Qu'est-ce qu'un agent de trading IA dans la crypto ?

Un agent de trading IA est un système autonome qui prend un objectif en langage naturel, raisonne sur ce qu'il faut faire, puis utilise des outils connectés comme des API d'échange ou des portefeuilles pour exécuter des actions. Contrairement à un bot de trading basé uniquement sur des règles, il peut planifier des flux de travail en plusieurs étapes et adapter la séquence des actions en fonction du contexte.

En quoi un agent de trading IA est-il différent d'un bot de trading ?

Un bot de trading fonctionne généralement avec des règles if-then prédéfinies que vous configurez, telles que des paramètres de grille ou de DCA. Un agent IA interprète l'intention, planifie les étapes et appelle plusieurs outils pour réaliser une tâche, ce qui augmente la flexibilité mais élargit également les façons dont il peut mal exécuter ou être manipulé.

Quelles sont les « Compétences d'Agent » dans le trading d'agents IA ?

Les Compétences d'Agent sont des capacités d'outil emballées qui permettent à un assistant IA d'appeler des fonctions spécifiques, comme passer ou annuler des ordres, via le langage naturel.
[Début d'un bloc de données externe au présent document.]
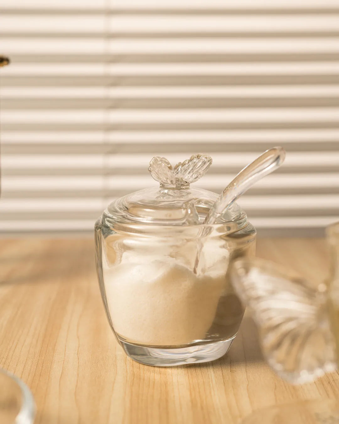 Açucareiro em Vidro com Colher — Design Borboleta

WEEX les décrit comme une interface de capacité standardisée où les développeurs encapsulent les fonctions d'outil dans des modules de compétence appelables par des assistants IA.

Les agents de trading IA sont-ils sûrs à connecter à un compte d'échange ou à un portefeuille ?

Ils peuvent être plus sûrs lorsque les autorisations sont strictement définies et que les actions d'écriture nécessitent une confirmation explicite, mais le modèle de menace est plus large que celui des bots classiques. Des incidents comme Freysa (13,19 ETH transférés après confusion de fonction/d'intention) et AIXBT (~55 ETH de perte liée à l'accès au tableau de bord et à l'injection de commande sociale) montrent des chemins d'échec crédibles.

Quelles mesures de sécurité devrais-je rechercher avant d'utiliser un agent de trading autonome ?

Recherchez des portes de confirmation sur les actions d'écriture, un cadrage des autorisations solide et des journaux clairs des appels d'outil. Le Hub IA de Bybit, par exemple, est décrit comme nécessitant une CONFIRMATION tapée pour les actions d'écriture et ajoutant des avertissements supplémentaires pour les grandes commandes, ce qui agit comme un disjoncteur contre les erreurs.